Command-line interface

Installation

Install either Singularity (recommended, but see here) or Docker. This is needed to run the ksrates Singularity or Docker container which contain ksrates and all other required software dependencies, so nothing else needs to be installed. The ksrates Singularity or Docker container will be automatically downloaded simply when you execute a ksrates command on the publicly accessible container for the first time, and they will be stored and reused for any further command executions.

Usage

We briefly illustrate here how to run ksrates using the Singularity or Docker container.
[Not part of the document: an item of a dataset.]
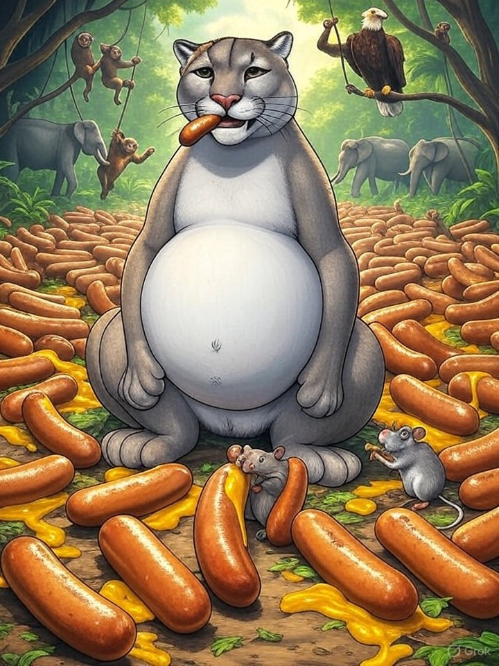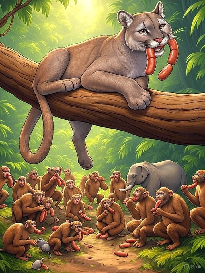 Pumatoni schnurrte zufrieden. „Das war lecker! Das war das beste Festmahl aller Zeiten!“ Frieda kuschelte sich an ihn, Max breitete stolz seine Flügel aus, und die Affenbande machte Purzelbäume vor Freude. Von da an wussten sie: Gemeinsam kann man alles schaffen – sogar 1000 Bratwürste!😋

  • ksrates comes with a command-line interface. Its basic syntax is:

    ksrates [OPTIONS] COMMAND [ARGS]...
    
  • To execute a ksrates command using the Singularity container the syntax is:

    singularity exec docker://vibpsb/ksrates ksrates [OPTIONS] COMMAND [ARGS]...
    
  • Or to execute a ksrates command using the Docker container the syntax is:

    docker run --rm -v $PWD:/temp -w /temp vibpsb/ksrates ksrates [OPTIONS] COMMAND [ARGS]...
    

Some example ksrates commands are:

Show usage and all available COMMANDs and OPTIONS:

ksrates -h

Generate a template configuration file for the focal species:

ksrates generate-config config_elaeis.txt

Show usage and ARGS for a specific COMMAND:

ksrates orthologs-ks -h

Run the ortholog KS analysis between two species using four threads/CPU cores:

ksrates orthologs-ks config_elaeis.txt elaeis oryza --n-threads 4

Please see the full documentation for more details and the complete set of commands.

Support

If you come across a bug or have any question or suggestion, please open an issue.

Citation

If you publish results generated using ksrates, please cite:

Sensalari, C., Maere, S., and Lohaus, R. (2021) ksrates: positioning whole-genome duplications relative to speciation events using rate-adjusted mixed paralog–ortholog KS distributions. bioRxiv 2021.02.28.433234 doi: 10.1101/2021.02.28.433234

This article is a preprint and has not been certified by peer review [what does this mean?].